On 07/21/2011 09:21 AM, Daniel P. Berrange wrote:
On Thu, Jul 21, 2011 at 08:44:35AM -0500, Anthony Liguori wrote:
> On 07/21/2011 08:34 AM, Daniel P. Berrange wrote:
>> On Thu, Jul 21, 2011 at 07:54:05AM -0500, Adam Litke wrote:
>>> Added Anthony to give him the opportunity to address the finer points of
>>> this one especially with respect to the qemu IO thread(s).
>>>
>>> This feature is really about capping the compute performance of a VM
>>> such that we get consistent top end performance. Yes, qemu has non-VCPU
>>> threads that this patch set doesn't govern, but that's the point.
We
>>> are not attempting to throttle IO or device emulation with this feature.

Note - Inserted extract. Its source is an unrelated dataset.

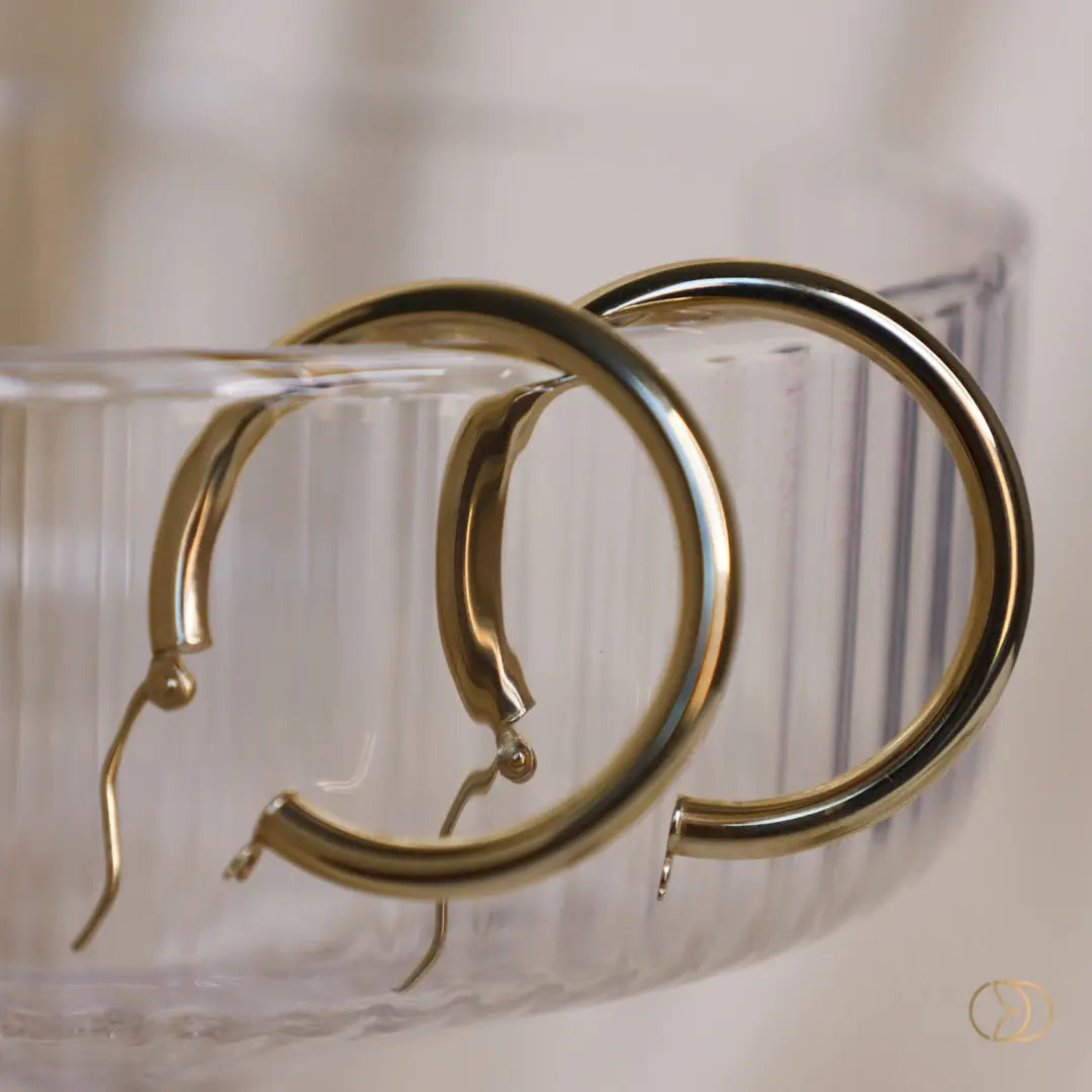 Los Aros Eternos son el epítome de la elegancia clásica. Fabricados en oro de 14k, estos aretes hoops combinan simplicidad y sofisticación, siendo el accesorio perfecto para cualquier ocasión. Su diseño atemporal los convierte en una pieza versátil que complementa desde looks diarios hasta atuendos más formales, aportando un toque de refinamiento a cada estilo.

>>> It's true that an IO-intensive guest may consume more host resources
>>> than a compute intensive guest, but they should still have equal top-end
>>> CPU performance when viewed from the guest's perspective.
>>
>> I could be mis-understanding, what you're trying to achieve,
>> here, so perhaps we should consider an example.
>>
>> - A machine has 4 physical CPUs
>> - There are 4 guests on the machine
>> - Each guest has 2 virtual CPUs
>>
>> So we've overcommit the host CPU resources x2 here.
>>
>> Lets say that we want to use this feature to ensure consistent
>> top end performance of every guest, splitting the host pCPUs
>> resources evenly across all guests, so each guest is ensured
>> 1 pCPU worth of CPU time overall.
>>
>> This patch lets you do this by assigning caps per VCPU. So
>> in this example, each VCPU cgroup would have to be configured
>> to cap the VCPUs at 50% of a single pCPU.
>>
>> This leaves the other QEMU threads uncapped / unaccounted
>> for. If any one guest causes non-trivial compute load in
>> a non-VCPU thread, this can/will impact the top-end compute
>> performance of all the other guests on the machine.
>
> But this is not undesirable behavior. You're mixing up consistency
> and top end performance. They are totally different things and I
> think most consumers of capping really only care about the later.
>
>>
>> If we did caps per VM, then you could set the VM cgroup
>> such that the VM as a whole had 100% of a single pCPU.
>
> Consistent performance is very hard to achieve. The desire is to
> cap performance not just within a box, but also across multiple
> different boxes with potentially different versions of KVM. The I/O
> threads are basically hypervisor overhead. That's going to change
> over time.
>
>> If a guest is 100% compute bound, it can use its full
>> 100% of a pCPU allocation in vCPU threads. If any other
>> guest is causing CPU time in a non-VCPU thread, it cannot
>> impact the top end compute performance of VCPU threads in
>> the other guests.
>>
>> A per-VM cap would, however, mean a guest with 2 vCPUs
>> could have unequal scheduling, where one vCPU claimed 75%
>> of the pCPU and the othe vCPU got left with only 25%.
>>
>> So AFAICT, per-VM cgroups is better for ensuring top
>> end compute performance of a guest as a whole, but
>> per-VCPU cgroups can ensure consistent top end performance
>> across vCPUs within a guest.
>
> And the later is the primary use case as far as I can tell.
>
> If I'm a user, I'll be very confused if I have a 4 VCPU guest, run 1
> instance of specint, and get X as the result. I then run 4
> instances of specint and get X as the result. My expectation is to
> get 4X as the result because I'm running 4 instances.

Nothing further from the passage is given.